If you were affected by the absolutely humongous Yahoo data breaches in recent years -- and given they were so damn big, there's a decent chance you were -- you may be in luck. A judge just paved the way for affected users to sue the tech giant.
U.S. District Judge Lucy Koh in San Jose, California made the ruling on Wednesday in a 93-page decision, declaring that affected victims certainly did have a right to go after Yahoo because, “All plaintiffs have alleged a risk of future identity theft, in addition to loss of value of their personal identification information."
The ruling relates to the breaches that hit Yahoo between 2013 and 2016, affecting hundreds of millions of users, breaches that the company was incredibly slow to confirm and publicly report, leaving those users vulnerable to theft and fraud.
At this point, there have been enough breaches and Yahoo's been so slow to fess up that it's understandable if you're a little confused, so here's a brief run-down:
August 2013: More than 1 billion accounts were affected by a data breach that it didn't fully disclose until over three years later in December 2016. The main concern from the breach was that names, email addresses, phone numbers, dates of birth, MD5-hashed passwords (a form of encryption now widely considered insecure), and security question answers were exposed.

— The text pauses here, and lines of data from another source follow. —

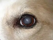 Nuclear sclerosis is an age-related change in the density of the crystalline lens nucleus that occurs in all older animals.[1] It is caused by compression of older lens fibers in the nucleus by new fiber formation. The denser construction of the nucleus causes it to scatter light. Although nuclear sclerosis may describe a type of early cataract in human medicine,[2] in veterinary medicine the term is also known as lenticular sclerosis and describes a bluish-grey haziness at the nucleus that usually does not affect vision, except for unusually dense cases. Immature senile cataract has to be differentiated with nuclear sclerosis while making its diagnosis.[3]
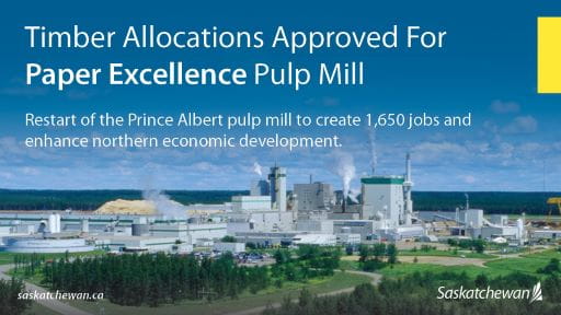 Today, the Government of Saskatchewan announced the approval of timber allocations to support the restart of the Paper Excellence pulp mill in Prince Albert.
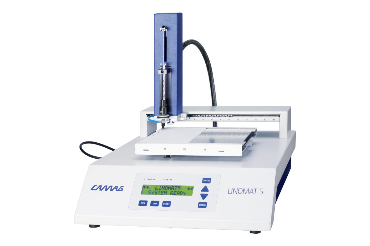 С помощью апликатора Linomat 5 пробы наносятся на ТСХ/ВЭТСХ пластины методом распыления. Нанесение осуществляется автоматически, вручную осуществляется только замена шприца, а также его заполнение и промывка. Прибор предназначен для рутинного использования.
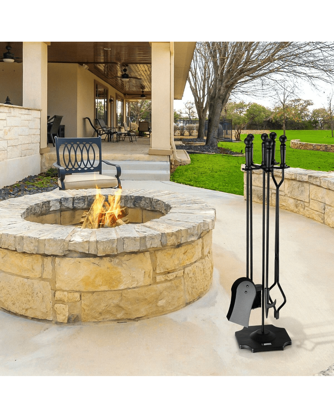 Ausway 5PCS Fireplace Tool Set Firepit Accessories
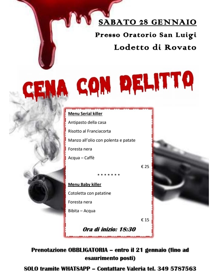 CENA CON DELITTO – sabato 28 gennaio ore 18.30
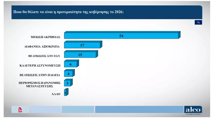 Ειδικότερα, το 54% θα ήθελε η κύρια προτεραιότητα για την κυβέρνηση το 2026 να είναι η μείωση της ακρίβειας ενώ το 17% θέλει η κυβέρνηση να εστιάσει στη διαφάνεια και την αξιοκρατία. Το 15% θέλει η κυβέρνηση να επικεντρωθεί στις βελτιώσεις στο ΕΣΥ, το 6% στην καλύτερη αστυνόμευση, το 4% στις βελτιώσεις στην παιδεία και το 3% στον περιορισμό της παράνομης μετανάστευσης.
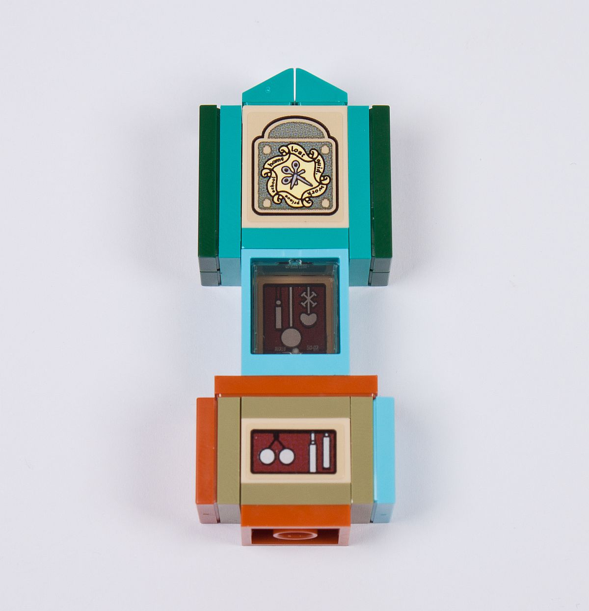Ein wichtiges Detail fehlt nun aber noch – die Standuhr. Diese Uhr ist keine gewöhnliche Standuhr, sondern hat neun Zeiger, für jedes Familienmitglied einen. Jeder von ihnen zeigt an, wo sich derjenige gerade befindet – sei es z.B. in der Schule, zu Hause, in Gefahr oder im Gefängnis. Das bunte Design ist perfekt umgesetzt – so sah die Uhr vor dem Brand des Fuchsbaus aus. Danach wurde sie durch eine braune Version ersetzt.

Late 2014: Though this breach that affected 500 million users happened after the 2013 hack, it was actually admitted before the company revealed the larger breach, which may account for the messy timeline. The information exposed in this leak was similar to the 2013 leak, i.e. no payment or bank account information was believed to be accessed. It was actually in investigating this breach that Yahoo apparently "discovered" the 2013 breach, too.
2015-2016: Another round of data breaches occurred throughout 2015 and 2016, according to a December 2016 statement by Yahoo. At the time, Yahoo said it believed the hack was committed by the same "state-sponsored hacker" who perpetrated the big 2014 breach. The perp used, according to the company, "forged cookies" to get into accounts without having to use a password.
I mean... yeah, that's bad.
You likely read tons of stories on what you should do if you were a victim of one of these breaches and, now, it seems Justice Koh thinks filing a lawsuit is also appropriate.
This is more bad news for Verizon, which purchased Yahoo in early 2017 after getting a small discount for all those data breaches. Verizon faced its own data breach in the summer of 2017 when millions of its customers had information exposed on an unsecured server.
So, in a sense, the Verizon/Yahoo purchase made perfect sense, like two tire fires joining forces to become one gigantic tire fire that's now gonna cost that fire a whole lotta money to all the people it burned.